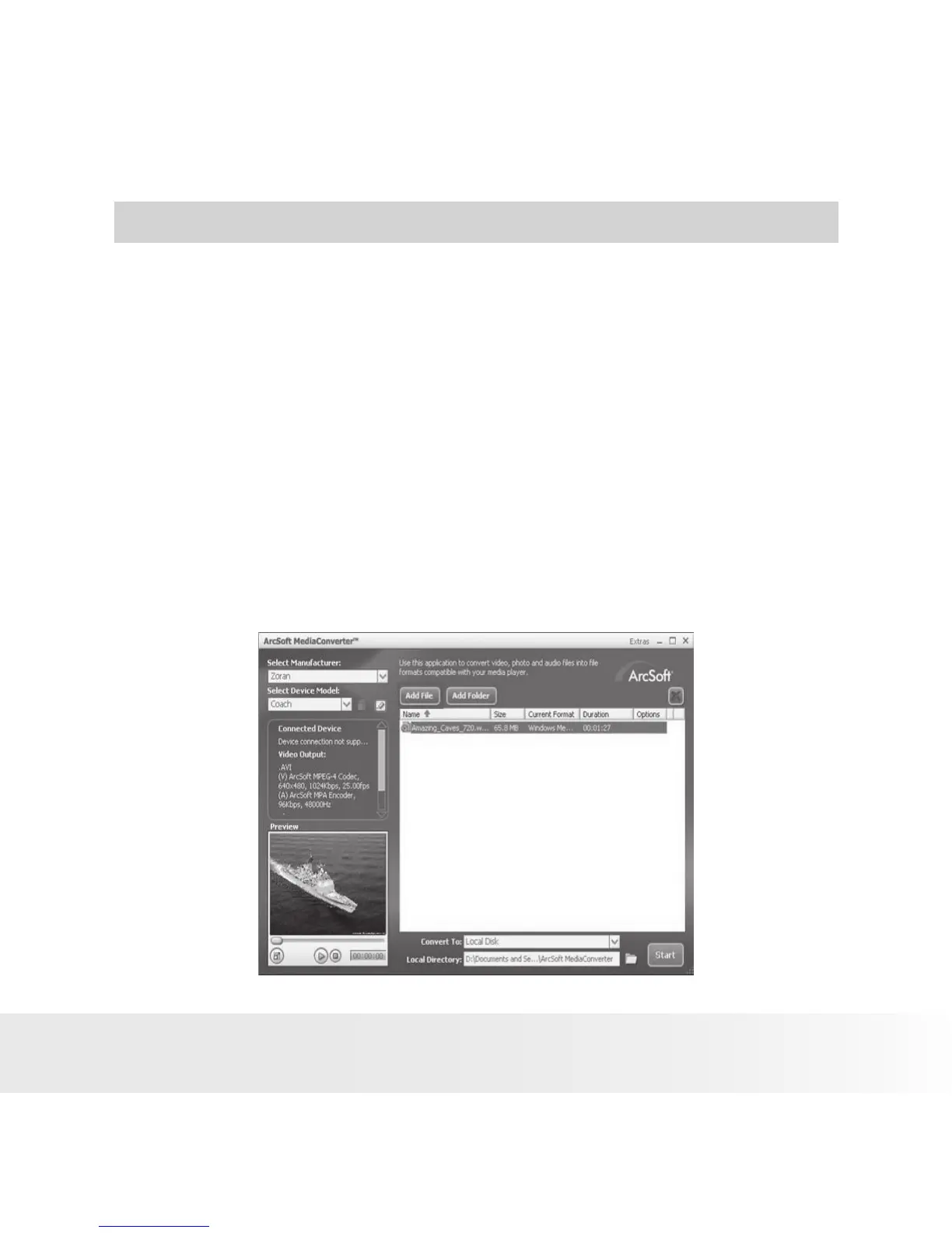 1. Install the ArcSoft MediaConverter onto your PC ( Refer to section
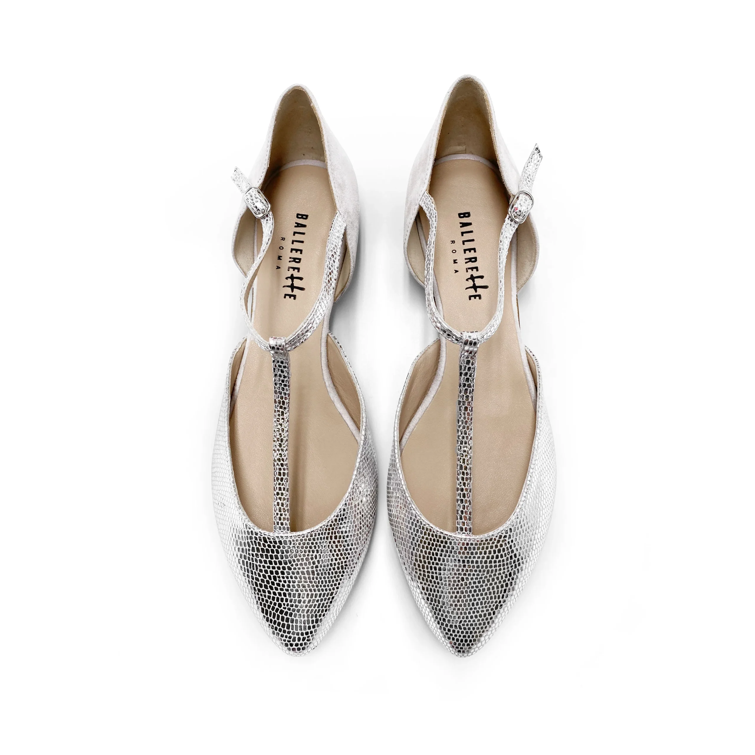 Le ballerine t-bar Mercede hanno una linea a punta con un caratteristico cinturino a T ad accompagnare e adornare il piede. Il laccetto si chiude sulla caviglia con una metalleria argento. La scarpa ha una forma aperta e avvolgente ed è realizzata in camoscio bianco avorio con trama laminata argento. L’effetto luminoso rende questo modello di scarpe basse perfetto d’abbinare sia di giorno che di sera, anche come scarpa da cerimonia o sposa. La comodità è inoltre garantita dalla morbidezza dei pellami scelti sia per la tomaia che per la fodera interna e il sottopiede. Indossa le tue t-bar con un abito chemisier di cotone bianco e cintura gioiello o dai luce ai tuoi jeans preferiti in una versione più informale.
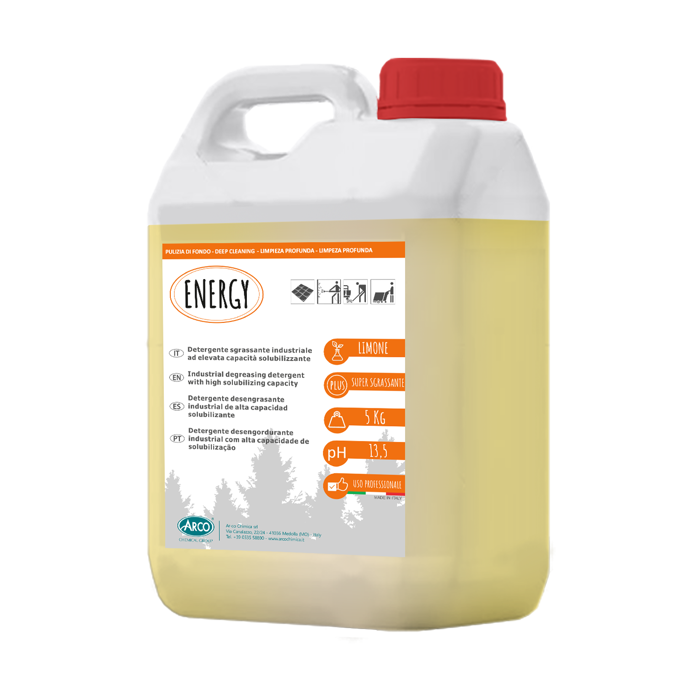 DETERGENTE SGRASSANTE SOLUBILIZZANTE Esplica una elevata azione sgrassante per la pulizia di pavimenti o superfici molto sporche, impregnate di morchia, olio e grasso. E' particolarmente indicato per la pulizia di officine, magazzini, cucine (cappe), mense, industrie alimentari etc. Elimina lo sporco unto da superfici in sky e interni di automobili. ENERGY a bassissima concentrazione può essere usato per la manutenzione dei pavimenti. ENERGY trova impiego per lavaggio moquette con sistema iniezione/estrazione

++++++++++++++++++++

Aim of the task:
Print the listing above in full, exactly as written. Omit any pictures.

Answer to the exercise:
 1. Install the ArcSoft MediaConverter onto your PC ( Refer to section
 Le ballerine t-bar Mercede hanno una linea a punta con un caratteristico cinturino a T ad accompagnare e adornare il piede. Il laccetto si chiude sulla caviglia con una metalleria argento. La scarpa ha una forma aperta e avvolgente ed è realizzata in camoscio bianco avorio con trama laminata argento. L’effetto luminoso rende questo modello di scarpe basse perfetto d’abbinare sia di giorno che di sera, anche come scarpa da cerimonia o sposa. La comodità è inoltre garantita dalla morbidezza dei pellami scelti sia per la tomaia che per la fodera interna e il sottopiede. Indossa le tue t-bar con un abito chemisier di cotone bianco e cintura gioiello o dai luce ai tuoi jeans preferiti in una versione più informale.
 DETERGENTE SGRASSANTE SOLUBILIZZANTE Esplica una elevata azione sgrassante per la pulizia di pavimenti o superfici molto sporche, impregnate di morchia, olio e grasso. E' particolarmente indicato per la pulizia di officine, magazzini, cucine (cappe), mense, industrie alimentari etc. Elimina lo sporco unto da superfici in sky e interni di automobili. ENERGY a bassissima concentrazione può essere usato per la manutenzione dei pavimenti. ENERGY trova impiego per lavaggio moquette con sistema iniezione/estrazione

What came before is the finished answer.